● **DATA**
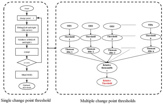 (3) This paragraph describes the method for calculating the relative threshold based on the double-sided fitting approach. First, the left and right sides of the curve data are separately fitted to determine the single OD threshold based on comprehensive fitting goodness. Then, the average percentile method is used to determine the relative threshold for multiple ODs.
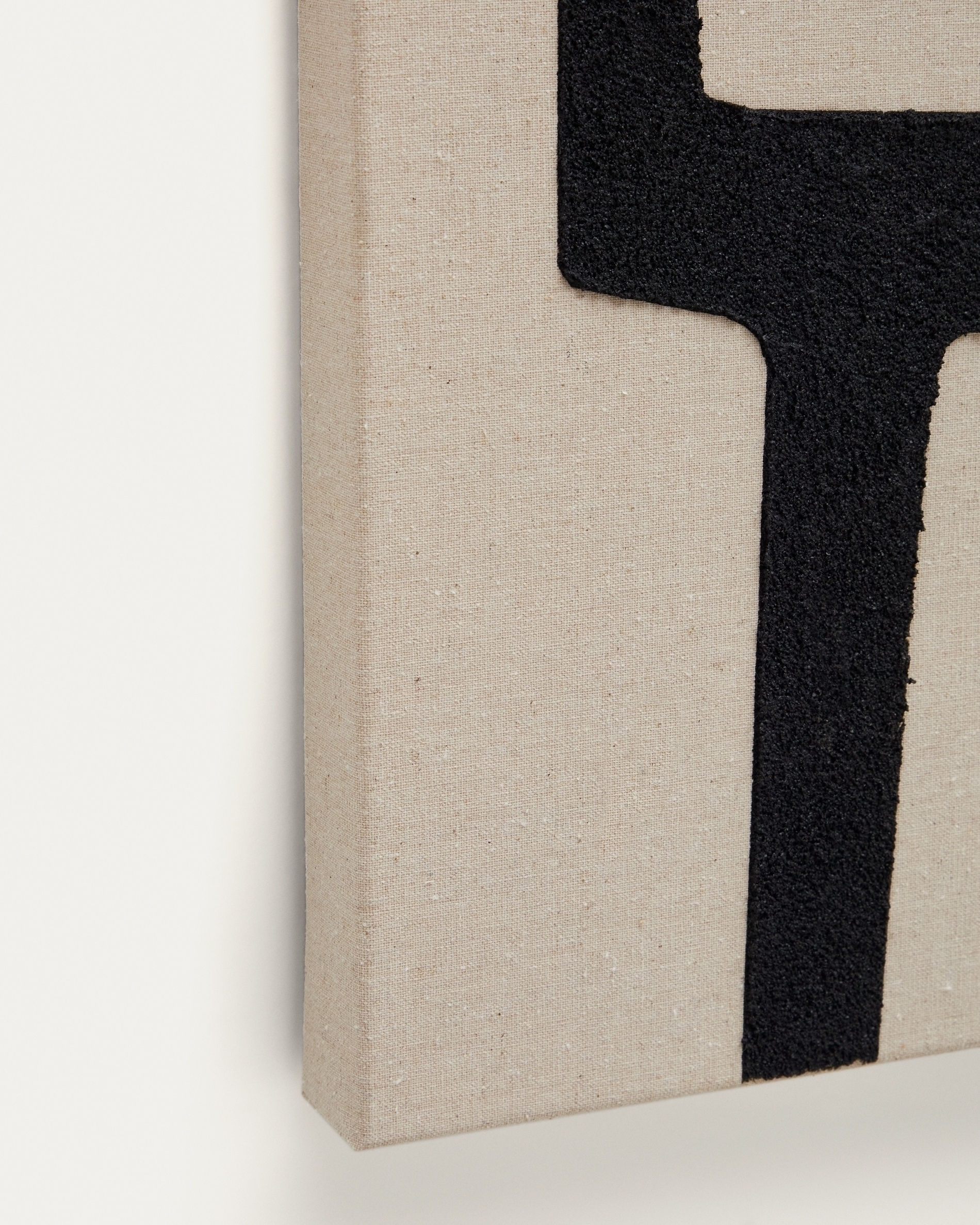 Картина имеет прямоугольную форму. Рисунок изображен на холсте стойкой, гипоаллергенной краской черного или темно-коричневого цвета (зависит от выбранного вами варианта).
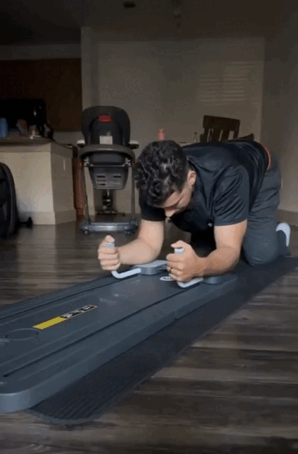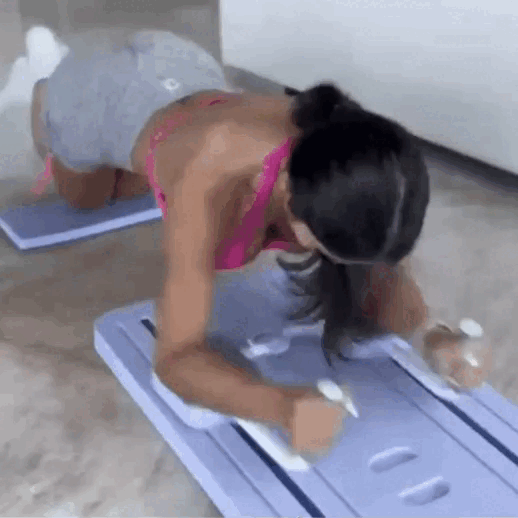 2. Empuje el Reformer ( tabla ) hacia adelante utilizando la fuerza de los músculos de sus brazos y apriete los músculos abdominales mientras empuja hacia atrás.
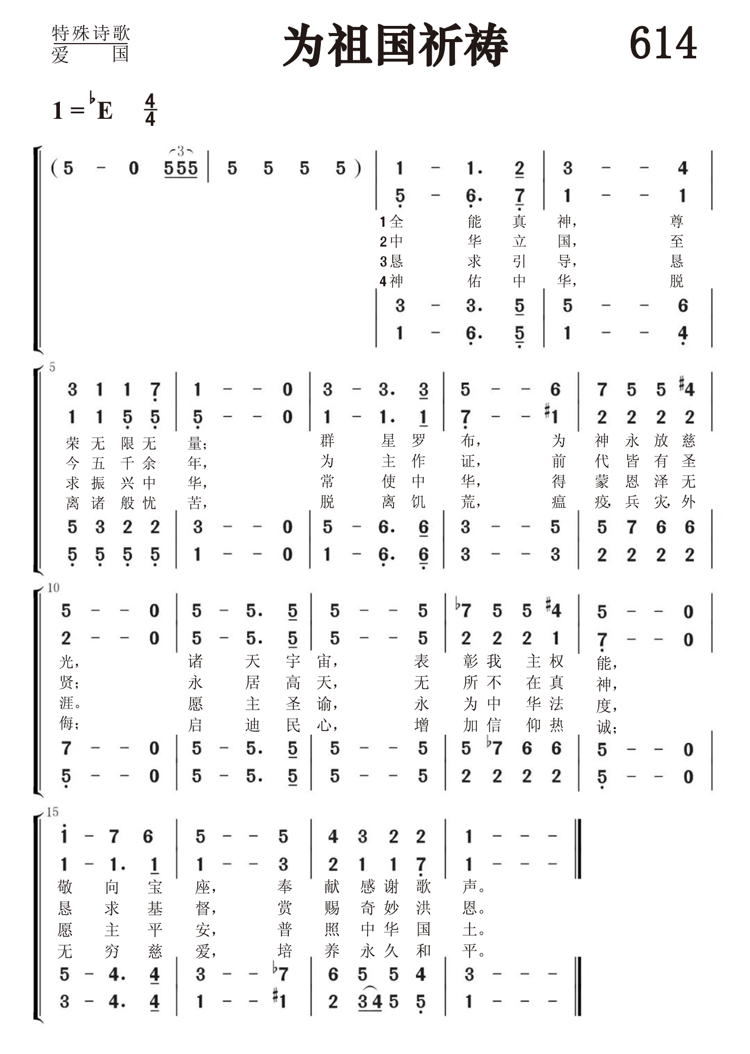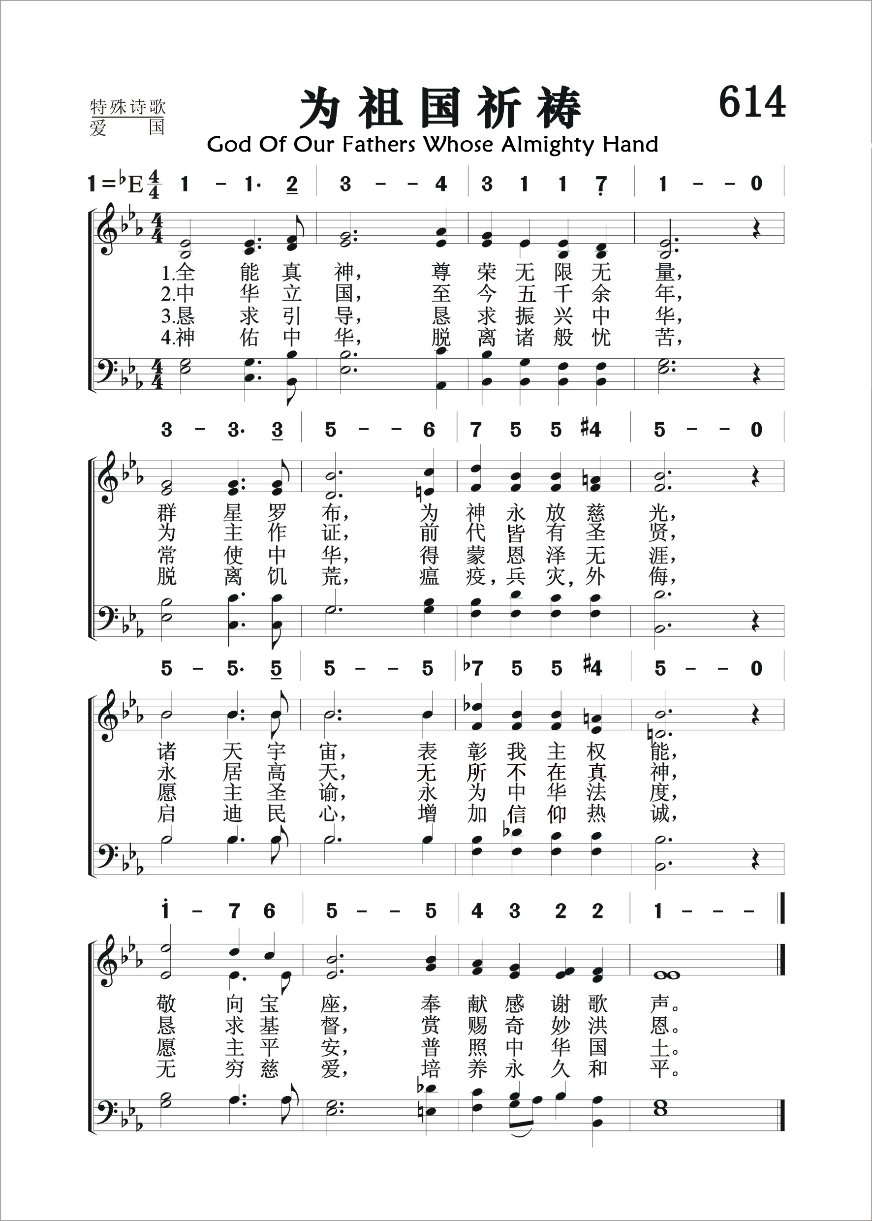 第614首 为祖国祈祷God of Our Fathers Whose Almighty Hand 根据罗伯茨(Daniel C.Roberts,1841,11,5-1907,10,31)原词(1876年)改编,沃伦(George W.Warren,1828,8,17-1902,3,17)作曲(1892年) 全能真神,尊荣无限无量; 群星罗布,为神永放慈光, 诸天宇宙,表彰我主权能, 敬向宝座,奉献感谢歌声。 中华立国,至今五千余年, 为主作证,前代皆有圣贤; 永居高天,无所不在真神, 恳求基督,赏赐奇妙洪恩。 恳求引导,恳求振兴中华, 常使中华,得蒙恩泽无涯。 愿主圣谕,永为中华法度, 愿主平安,惠临中华国土。 神佑中华,脱离诸般忧苦, 脱离饥荒,瘟疫, 兵 灾, 外侮; 启迪民心,增加信仰热诚; 无穷慈爱,培养永久和平。 这首诗歌是罗伯茨应邀为1876年7月4日纪念美国独立宣言发表100周年的大会而写的。 词作者罗伯茨出生于美国纽约长岛。1857年毕业于俄亥俄州凯尼恩学院。内战期间从军。1865年接受圣公会的按立担任圣工,终生从事教牧工作。他还兼任新罕布什尔历史学会会长。诺威其大学授予他神学博士学位。 曲作者沃伦出生于美国纽约奥尔巴尼,毕业于威斯康星州雷辛学院,长期担任教会司琴和唱诗班指挥。因为他在音乐领域的出色贡献,他的母校后来授予他音乐博士学位。

● **ASSIGNED TASK**
Leaving out the pictures, restate each line of the listing above verbatim, from the opening line to the line bearing "2. Empuje el Reformer", inclusive, and no more.

● **ANSWER TO THIS PROBLEM**
 (3) This paragraph describes the method for calculating the relative threshold based on the double-sided fitting approach. First, the left and right sides of the curve data are separately fitted to determine the single OD threshold based on comprehensive fitting goodness. Then, the average percentile method is used to determine the relative threshold for multiple ODs.
 Картина имеет прямоугольную форму. Рисунок изображен на холсте стойкой, гипоаллергенной краской черного или темно-коричневого цвета (зависит от выбранного вами варианта).
 2. Empuje el Reformer ( tabla ) hacia adelante utilizando la fuerza de los músculos de sus brazos y apriete los músculos abdominales mientras empuja hacia atrás.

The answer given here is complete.